For those who are not familiar with this affair here is a quick summary: In Italy in 1858 the pope was still the temporal leader of at least part of the territory, and church law said that a Christian child could not be raised in the Jewish faith. Jewish families frequently hired Christian servants because they could do things prohibited to the Jews on the Sabbath, such as light fires. The Mortara's had such a Christian servant, and when one of their young children was ill the servant thought he might die and secretly baptized him so that he would not go to hell. Years later, the Church found out about this and came to take the child away so he could be raised Catholic. 
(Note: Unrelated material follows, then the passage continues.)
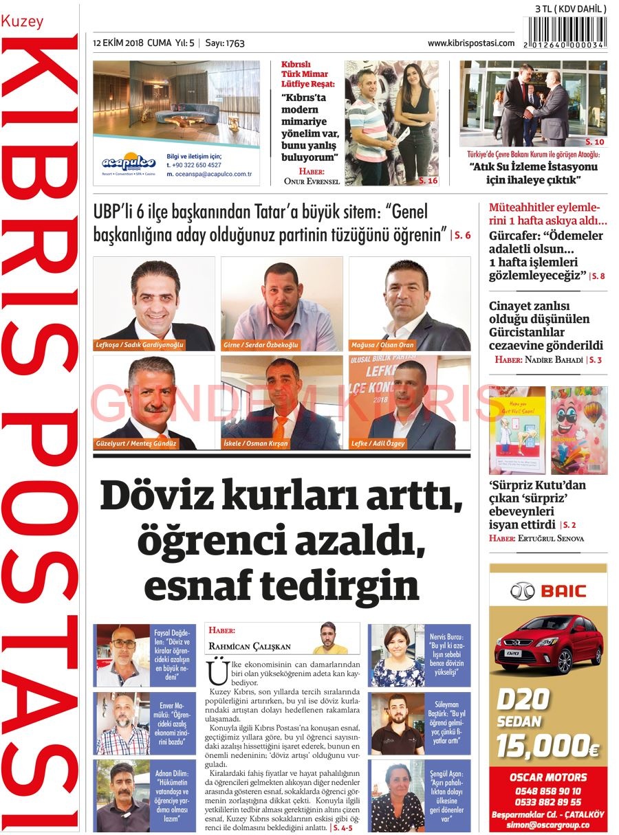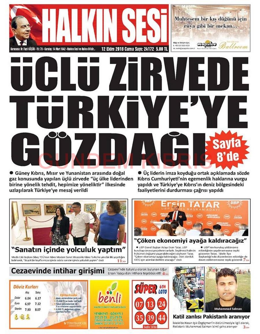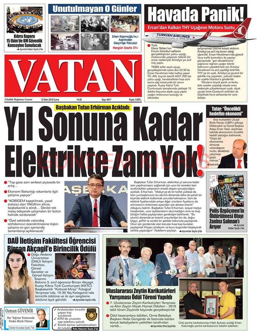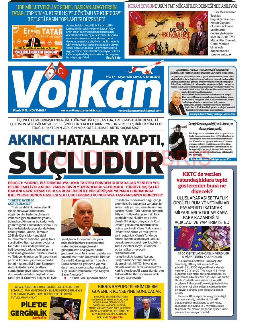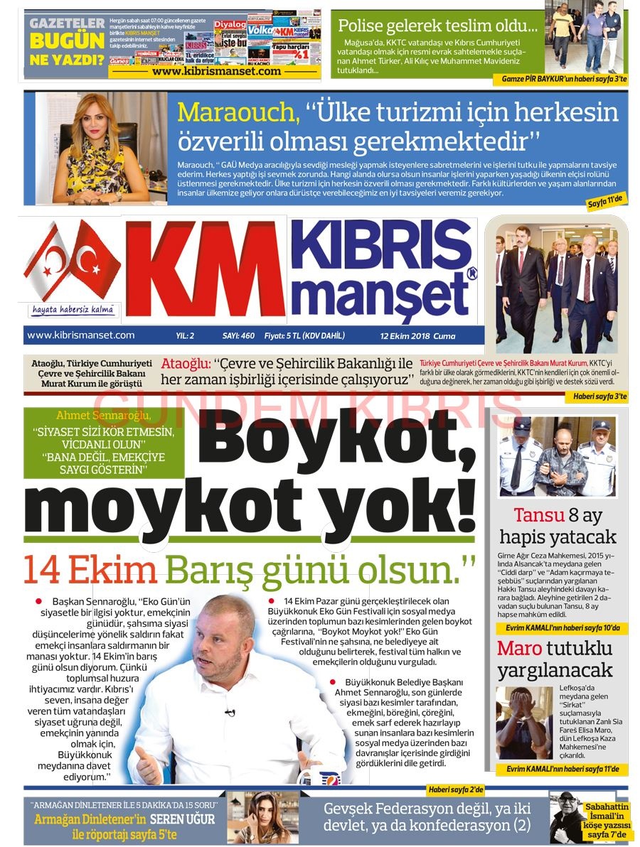 KKTC Gazete Manşetleri 12 Ekim 2018

If you are interested in the full details of this case, this book provides a very detailed and rich description of the kidnapping, the laws at the time, public response to the affair, and the eventual political consequences, which include the pope's temporal powers being dimished by the unification of Italy.

It was rather shocking to learn that at the same time as the Civil War was being fought in the United States the laws of the Papal States were still incredibly anachronistic and had not evolved all that much since the Middle Ages. Pope Pius IX, who initially had seemed to be a reformer who would bring the church into modernity, ended up becoming reactionary in response to the Italian unification movement and the threat of losing his temporal kindgom. While he had initiated some reforms regarding the Jews, such as tearing down the gates of their ghettos and relaxing the restrictions on them, in this matter he refused to budge and Edgardo never returned to his family and eventually became a priest who tried to convert other Jews.

I would say this book is a must read for anyone interested in this period of European history, Italian history, or the history of the Catholic church.